Depuis, j’ai publié en 1982 l’essentiel de ce deuxième examen-synthèse dans S’entraider (Montréal, Homme). Ce bestseller en son domaine fit l’objet d’une refonte majeure et publié d’abord par le même éditeur en 1991 puis par les Éditions du CRP (Sherbrooke, U. de S.) en1996. Cette réputation et ces publications ont fait que je fus, entre autres, sollicité et subventionné par DRCH pour constituer une équipe et produire un programme de formation et d’encadrement de jeunes entraidants vocationnels.

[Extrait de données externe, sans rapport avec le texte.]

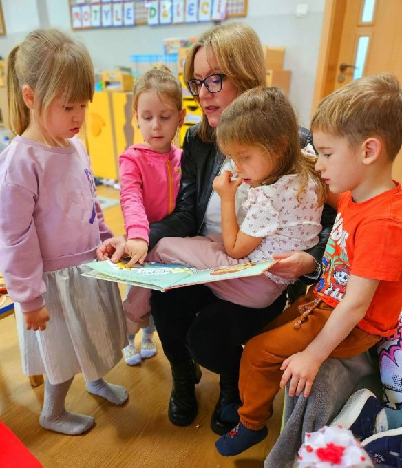 Wspólne czytanie w gminnym przedszkolu w Męcince z Zastępcą Wójta Gminy Męcinka p.Arletą Gregulską-Oksińską.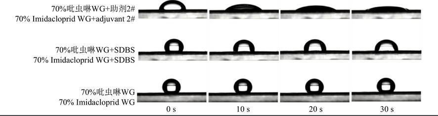 試驗過程中發現,添加各供試助劑后的藥液液滴在小麥葉片正、反面上的展布行為基本相似,但展布的速率和面積不同,因此以加入助劑2#和SDBS的吡蟲啉藥液在水平放置的小麥葉片上的鋪展情況(圖4、5)為例,說明添加不同助劑后藥液在小麥葉片上的鋪展行為。藥液液滴以零速度放置于小麥葉片上,長軸方向平行于葉脈,展布速度較快,短軸方向垂直于葉脈,展布速度較慢,且鋪展面積在20 s左右趨于穩定。由圖4、5可知:添加了助劑2#的藥液因其表面張力下降至21.98 mN/m,小于小麥葉片正反面的表面張力,可以在小麥葉片潤濕展布,隨時間變化接觸角減小,展布程度增大;而添加了SDBS助劑和未添加助劑的藥液表面張力大于小麥葉片的表面張力,在小麥葉片上不鋪展或鋪展速度較慢。在農藥使用過程中,藥液在小麥葉面上的展布性越好,鋪展的面積就越大,相應的防治面積也就越大,藥液黏附于作物葉面上的可能性就越大,從而減少了農藥流失進入環境的概率,大大地提高農藥利用率和施藥效果。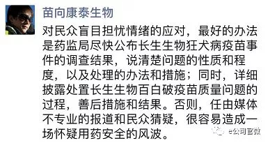 对于民众盲目担忧情绪的应对,最好的办法是药监局尽快公布长生生物狂犬病疫苗事件的调查结果,披露处置该公司的百白破疫苗质量问题的过程,善后措施和结果。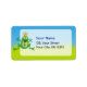 Caricature de la grenouille Prince avec couronne sur herbe verte sous ciel bleu. Champs de texte personnalisés pour le nom et l'adresse.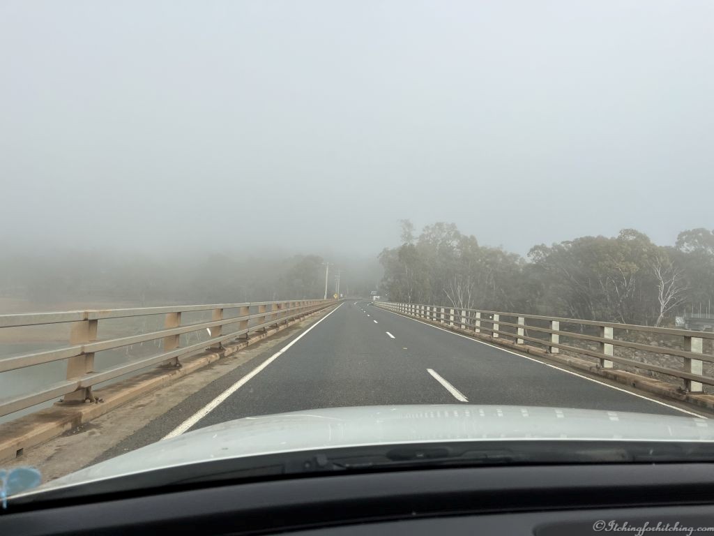 We strike wispy fog patches around the Eildon weir area and far too many dead wombats. Has there been a drunken wombat party overnight?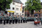 Rund um den Marktplatz warteten bereits zahlreiche Zuschauer und applaudierten beim Einmarsch. Musikalisch begleitet wurden die Schützen durch die Stadtkapelle Betzdorf und dem Spielmannszug Heimbach-Weiss. Die Schützen und die Musik nahmen Aufstellung und dem Schützenmeister wurde gemeldet, dass der Zapfenstreich beginnen könne. Unter den Augen von Landrat Dr. Peter Enders, Verbandsbürgermeister Fred Jüngerich, dem Beigeordneten der Stadt Paul-Josef Schmitt, dem Stadtbürgermeister Ralf Lindenpütz und Erwin Rüddel (MdB), sowie hochrangigen Vertretern der Schützengesellschaft erklang dann auch das bekannte Stück "Ich bete an die Macht Liebe". Die Nationalhymne, die viele Besucher mitsangen, beendete die feierliche Zeremonie. Danach zogen die Schützen und viele Gäste zum Festzelt und feierten.

Ce programme comprend deux guides qui furent édités par l’Agence d’ARC de Montréal, soit L’avenir entre nous pour les jeunes et Formation à l’entraide vocationnelle pour les intervenants.

En somme, une phrase qui tue peut être une phrase qui suscite voire une phrase qui ressuscite.

[1] À paraitre au printemps 2014 en coédition chez Septembre Éditeur (Canada) et Qui-plus-est (Europe).

[2] Ce premier examen-synthèse fut condensé et publié en 1981 sous le titre « L’interaction Individu-Environnement comme objectif fondamental du curriculum scolaire » dans L’école et les valeurs, Québec, Fleury/ARC.